Answers to Questions

How to calculate a limit?

To calculate a limit, replace the variable with the value to which it tends to.

Example: Calculate the limit of \( f(x) = 2x \) when \( x \) tends to \( 1 \) written \( \lim_{x \to 1} f(x) \) is to calculate \( 2 \times 1 = 2 \) so \( \lim_{x \to 1} f(x) = 2 \).

In some cases, the result is undetermined (indeterminated limits, see below).

How to calculate limits with 0 and \( \infty \) infinity?

Limit calculations usually use mathematical forms with values 0 or infinity (positive or negative), except indeterminated forms, calculations follow the rules:

$$ +\infty + \infty = +\infty $$$$ -\infty - \infty = -\infty $$
$$ +\infty - \infty = ? $$$$ -\infty + \infty = ? $$
$$ 0 + \infty = +\infty $$$$ 0 - \infty = -\infty $$
$$ + \infty + 0 = +\infty $$$$ - \infty + 0 = -\infty $$
$$ \pm k + \infty = +\infty $$$$ \pm k - \infty = -\infty $$
$$ + \infty \pm k = +\infty $$$$ - \infty \pm k = -\infty $$
$$ +\infty \times +\infty = +\infty $$$$ +\infty \times -\infty = -\infty $$
$$ -\infty \times +\infty = -\infty $$$$ -\infty \times -\infty = +\infty $$
$$ 0 \times +\infty = ? $$$$ 0 \times -\infty = ? $$
$$ +\infty \times 0 = ? $$$$ -\infty \times 0 = ? $$
$$ k \times +\infty = +\infty $$$$ k \times -\infty = -\infty $$
$$ -k \times +\infty = -\infty $$$$ -k \times -\infty = +\infty $$
$$ \frac{ +\infty }{ +\infty } = ? $$$$ \frac{ +\infty }{ -\infty } = ? $$
$$ \frac{ -\infty }{ +\infty } = ? $$$$ \frac{ -\infty }{ -\infty } = ? $$
$$ \frac{ 0 }{ +\infty } = 0 $$$$ \frac{ 0 }{ -\infty } = 0 $$
$$ \frac{ +\infty }{ 0 } = +\infty $$$$ \frac{ -\infty }{ 0 } = -\infty $$
$$ \frac{ +\infty }{ k } = +\infty $$$$ \frac{ -\infty }{ k } = -\infty $$
$$ \frac{ +\infty }{ - k } = -\infty $$$$ \frac{ -\infty }{ - k } = +\infty $$
$$ \frac{ k }{ +\infty } = 0^+ $$$$ \frac{ k }{ -\infty } = 0^- $$
$$ \frac{ -k }{ +\infty } = 0^- $$$$ \frac{ -k }{ -\infty } = 0^+ $$
$$ \frac{ 0 }{ 0 } = ? $$$$ \frac{ k }{ k } = 1 $$
$$ \frac{ k }{ 0 } = + \infty $$$$ \frac{ -k }{ 0 } = - \infty $$
$$ \frac{ 0 }{ k } = 0 $$$$ \frac{ 0 }{ -k } = 0 $$
$$ (\pm k)^0 = 1 $$$$ 0^{\pm k} = 0 $$
$$ 1^{\pm k} = 1 $$$$ (\pm k)^1 = (\pm k) $$
$$ +\infty^0 = ? $$$$ -\infty^0 = ? $$
$$ 0^{+\infty} = 0 $$$$ 0^{-\infty} = 0 $$

With \( k> 0 \) a positive non-zero real constant.

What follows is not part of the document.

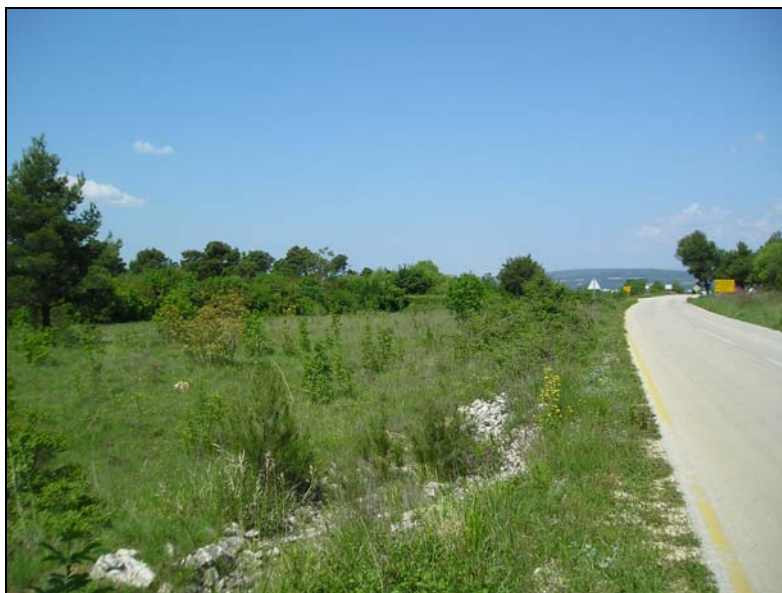
- prostor sa jugozapadne strane županijske ceste Ž6019

The ? represent indeterminate forms.

What are the indeterminate forms?

The indeterminate forms that appear when calculating limits are:

$$ \frac{0}{0} $$0 divided by 0
$$ \frac{\pm\infty}{\pm\infty} $$infinity divided by infinity
$$ 0 \times \pm\infty $$ or $$ \pm\infty \times 0 $$0 multiplicated by infinity
$$ +\infty - \infty $$ or $$ -\infty + \infty $$difference between infinity
$$ 0^0 $$0 power 0
$$ \pm\infty^0 $$infinity power 0
$$ 1^{\pm\infty}$$1 power infinity

How to calculate an indeterminate form?

Several methods related to limit calculations are possible.

1 - Factorize (using the dCode factorisation expression tools for example)

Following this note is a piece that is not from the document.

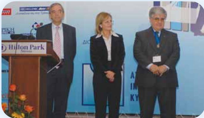
Ο Υπουργός Οικονομικών κ. Χαρίλαος Σταυράκης, η Έφορος Ασφαλίσεων κ. Βικτώρια Νάταρ και ο Πρόεδρος του Ασφαλιστικού Ινστιτούτου Κύπρου κατά τη διάρκεια της απονομής των τιμητικών διακρίσεων στους πρώην Προέδρους του Ασφαλιστικού Ινστιτούτου

2 - Use the Hospital Rule (in cases of form \( 0/0 \) or \( \infty / \infty \): if \( f \) and \( g \) are 2 functions defined on the interval \( [a, b[ \) and differentiable in \( a \), and such that \( f(a) = g(a) = 0 \), then if \( g'(a) \ne 0 \): $$ \lim_{x \to a^+} \frac{f(x)}{g(x)} = \frac{f (a)}{g (a)} $$

3 - Use the dominant term rule (in the case of addition of polynomials and when the variable tends to infinity): the limit of a polynomial is the limit of its term of highest power.

4 - Calculate the asymptotes to deduce the limit values

5 - Transform the expression (using remarkable identities or extracting elements from the roots, etc.)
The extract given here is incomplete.